▸ ASSIGNMENT
Set down the data below word for word, and leave the images aside.

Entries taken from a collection
::::
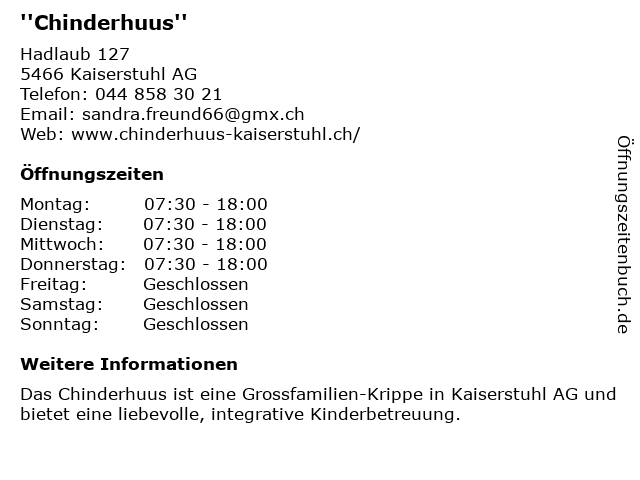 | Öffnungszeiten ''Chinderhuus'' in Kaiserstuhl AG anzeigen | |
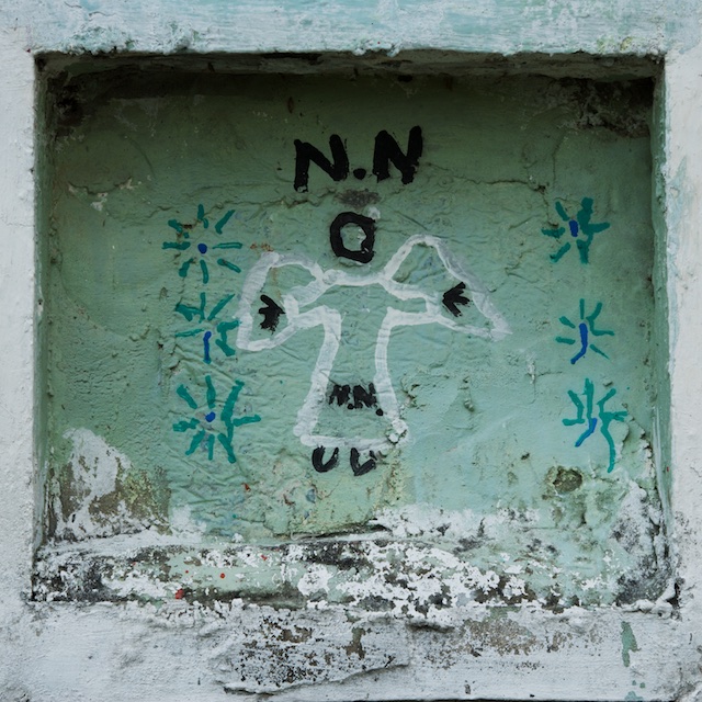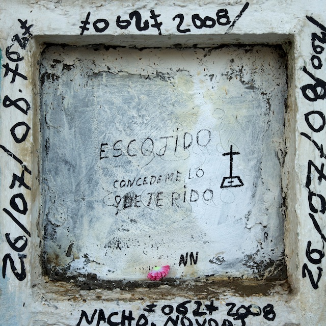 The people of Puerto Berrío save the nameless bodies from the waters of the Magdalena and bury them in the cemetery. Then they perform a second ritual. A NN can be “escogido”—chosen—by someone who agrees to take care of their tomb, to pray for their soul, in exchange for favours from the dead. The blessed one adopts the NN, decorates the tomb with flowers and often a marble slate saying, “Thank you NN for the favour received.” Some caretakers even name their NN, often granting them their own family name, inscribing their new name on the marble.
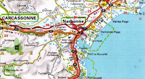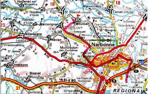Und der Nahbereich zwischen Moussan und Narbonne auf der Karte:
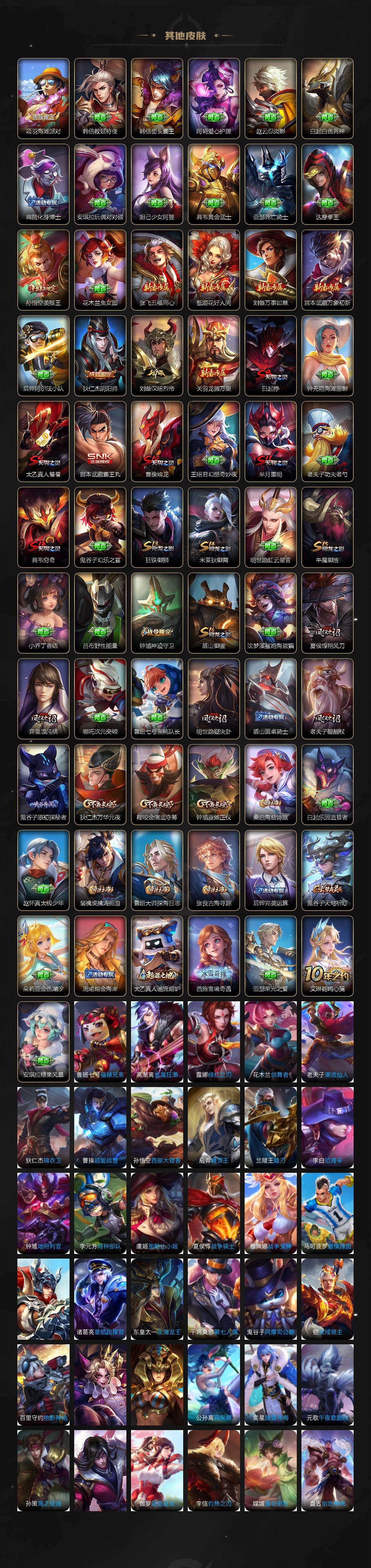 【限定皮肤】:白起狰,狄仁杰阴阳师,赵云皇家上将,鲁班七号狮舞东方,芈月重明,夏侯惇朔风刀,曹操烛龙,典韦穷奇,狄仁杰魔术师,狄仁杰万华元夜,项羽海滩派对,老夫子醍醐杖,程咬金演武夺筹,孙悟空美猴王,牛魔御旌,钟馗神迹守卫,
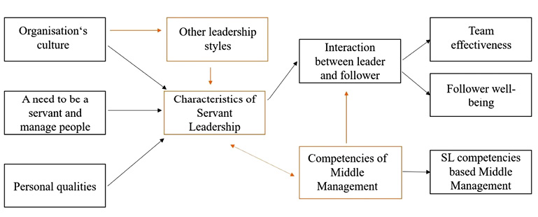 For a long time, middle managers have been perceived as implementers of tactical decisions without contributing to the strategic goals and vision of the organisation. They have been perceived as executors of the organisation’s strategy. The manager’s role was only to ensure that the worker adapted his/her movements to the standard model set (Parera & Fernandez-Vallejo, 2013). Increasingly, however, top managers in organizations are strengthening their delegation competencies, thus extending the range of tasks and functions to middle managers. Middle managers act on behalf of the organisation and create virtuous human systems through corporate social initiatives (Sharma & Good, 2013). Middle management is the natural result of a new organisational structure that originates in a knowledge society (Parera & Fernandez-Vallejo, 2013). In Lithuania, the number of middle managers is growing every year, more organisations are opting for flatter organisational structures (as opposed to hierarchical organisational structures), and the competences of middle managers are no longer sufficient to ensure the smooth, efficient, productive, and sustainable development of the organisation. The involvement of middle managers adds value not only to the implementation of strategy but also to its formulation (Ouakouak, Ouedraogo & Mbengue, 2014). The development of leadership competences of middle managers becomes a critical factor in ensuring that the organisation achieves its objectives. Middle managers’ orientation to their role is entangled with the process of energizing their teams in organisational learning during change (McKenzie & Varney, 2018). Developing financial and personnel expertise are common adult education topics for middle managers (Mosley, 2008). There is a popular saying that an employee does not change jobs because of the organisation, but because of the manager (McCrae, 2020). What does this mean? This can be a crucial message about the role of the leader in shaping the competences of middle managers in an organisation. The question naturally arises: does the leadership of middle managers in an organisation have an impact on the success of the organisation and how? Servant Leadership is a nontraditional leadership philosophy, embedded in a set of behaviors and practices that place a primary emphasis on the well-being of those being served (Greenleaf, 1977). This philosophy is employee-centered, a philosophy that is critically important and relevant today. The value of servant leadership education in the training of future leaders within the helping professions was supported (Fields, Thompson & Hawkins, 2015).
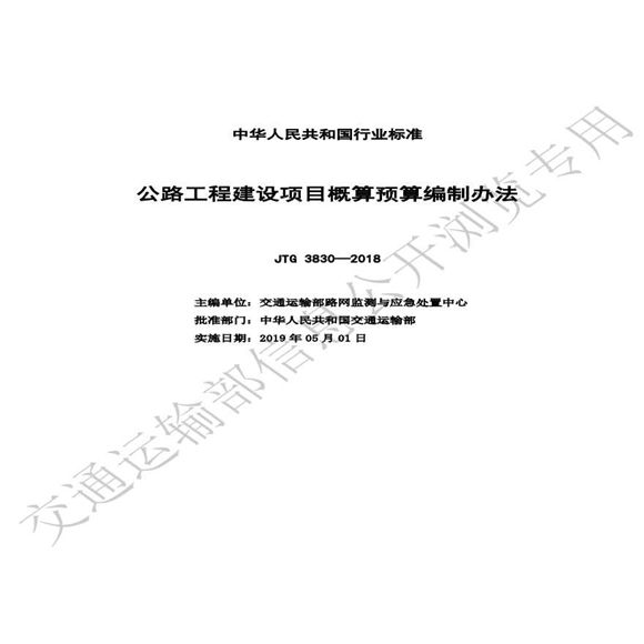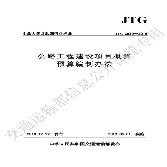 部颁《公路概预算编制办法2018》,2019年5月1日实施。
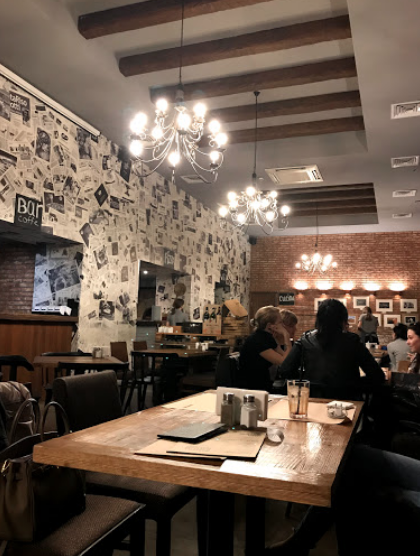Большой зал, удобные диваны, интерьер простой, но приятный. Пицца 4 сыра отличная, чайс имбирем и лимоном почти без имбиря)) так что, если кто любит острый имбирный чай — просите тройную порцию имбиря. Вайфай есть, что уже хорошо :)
::::
▸ EXERCISE SOLUTION
 | Öffnungszeiten ''Chinderhuus'' in Kaiserstuhl AG anzeigen | |
 The people of Puerto Berrío save the nameless bodies from the waters of the Magdalena and bury them in the cemetery. Then they perform a second ritual. A NN can be “escogido”—chosen—by someone who agrees to take care of their tomb, to pray for their soul, in exchange for favours from the dead. The blessed one adopts the NN, decorates the tomb with flowers and often a marble slate saying, “Thank you NN for the favour received.” Some caretakers even name their NN, often granting them their own family name, inscribing their new name on the marble.
Und der Nahbereich zwischen Moussan und Narbonne auf der Karte:
 【限定皮肤】:白起狰,狄仁杰阴阳师,赵云皇家上将,鲁班七号狮舞东方,芈月重明,夏侯惇朔风刀,曹操烛龙,典韦穷奇,狄仁杰魔术师,狄仁杰万华元夜,项羽海滩派对,老夫子醍醐杖,程咬金演武夺筹,孙悟空美猴王,牛魔御旌,钟馗神迹守卫,
 For a long time, middle managers have been perceived as implementers of tactical decisions without contributing to the strategic goals and vision of the organisation. They have been perceived as executors of the organisation’s strategy. The manager’s role was only to ensure that the worker adapted his/her movements to the standard model set (Parera & Fernandez-Vallejo, 2013). Increasingly, however, top managers in organizations are strengthening their delegation competencies, thus extending the range of tasks and functions to middle managers. Middle managers act on behalf of the organisation and create virtuous human systems through corporate social initiatives (Sharma & Good, 2013). Middle management is the natural result of a new organisational structure that originates in a knowledge society (Parera & Fernandez-Vallejo, 2013). In Lithuania, the number of middle managers is growing every year, more organisations are opting for flatter organisational structures (as opposed to hierarchical organisational structures), and the competences of middle managers are no longer sufficient to ensure the smooth, efficient, productive, and sustainable development of the organisation. The involvement of middle managers adds value not only to the implementation of strategy but also to its formulation (Ouakouak, Ouedraogo & Mbengue, 2014). The development of leadership competences of middle managers becomes a critical factor in ensuring that the organisation achieves its objectives. Middle managers’ orientation to their role is entangled with the process of energizing their teams in organisational learning during change (McKenzie & Varney, 2018). Developing financial and personnel expertise are common adult education topics for middle managers (Mosley, 2008). There is a popular saying that an employee does not change jobs because of the organisation, but because of the manager (McCrae, 2020). What does this mean? This can be a crucial message about the role of the leader in shaping the competences of middle managers in an organisation. The question naturally arises: does the leadership of middle managers in an organisation have an impact on the success of the organisation and how? Servant Leadership is a nontraditional leadership philosophy, embedded in a set of behaviors and practices that place a primary emphasis on the well-being of those being served (Greenleaf, 1977). This philosophy is employee-centered, a philosophy that is critically important and relevant today. The value of servant leadership education in the training of future leaders within the helping professions was supported (Fields, Thompson & Hawkins, 2015).
 部颁《公路概预算编制办法2018》,2019年5月1日实施。
Большой зал, удобные диваны, интерьер простой, но приятный. Пицца 4 сыра отличная, чайс имбирем и лимоном почти без имбиря)) так что, если кто любит острый имбирный чай — просите тройную порцию имбиря. Вайфай есть, что уже хорошо :)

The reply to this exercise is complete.